* [TASK PROMPT]:
Nothing should appear in the answer except the lines below from the line containing "Cán bộ, chiến" through the line containing "Obraz premium cold", copied exactly, with pictures left out.

* [RECORDED DATA]:
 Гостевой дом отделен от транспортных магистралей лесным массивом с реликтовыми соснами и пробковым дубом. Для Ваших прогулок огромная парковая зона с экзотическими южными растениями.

---

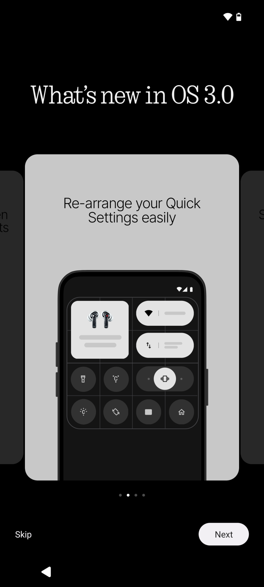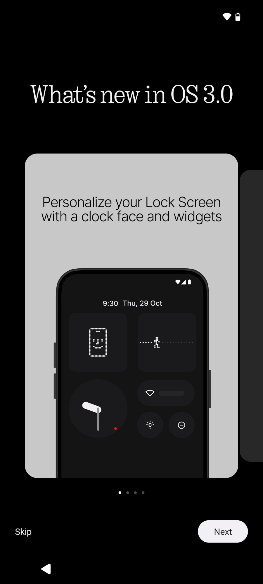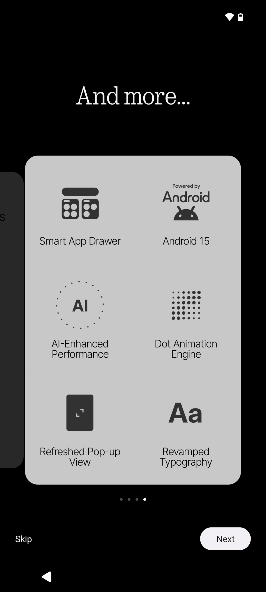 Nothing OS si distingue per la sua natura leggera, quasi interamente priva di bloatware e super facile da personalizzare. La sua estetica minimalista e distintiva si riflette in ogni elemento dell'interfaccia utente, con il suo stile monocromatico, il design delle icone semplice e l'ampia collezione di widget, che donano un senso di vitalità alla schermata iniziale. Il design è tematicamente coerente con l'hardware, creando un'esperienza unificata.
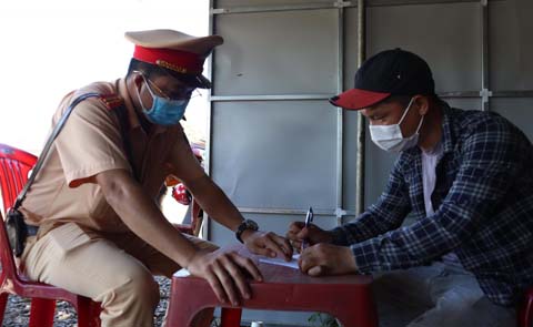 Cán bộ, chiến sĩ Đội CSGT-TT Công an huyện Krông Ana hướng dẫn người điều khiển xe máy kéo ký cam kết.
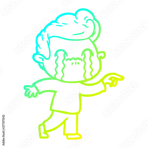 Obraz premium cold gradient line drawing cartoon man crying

* [YOUR SOLUTION]:
 Cán bộ, chiến sĩ Đội CSGT-TT Công an huyện Krông Ana hướng dẫn người điều khiển xe máy kéo ký cam kết.
 Obraz premium cold gradient line drawing cartoon man crying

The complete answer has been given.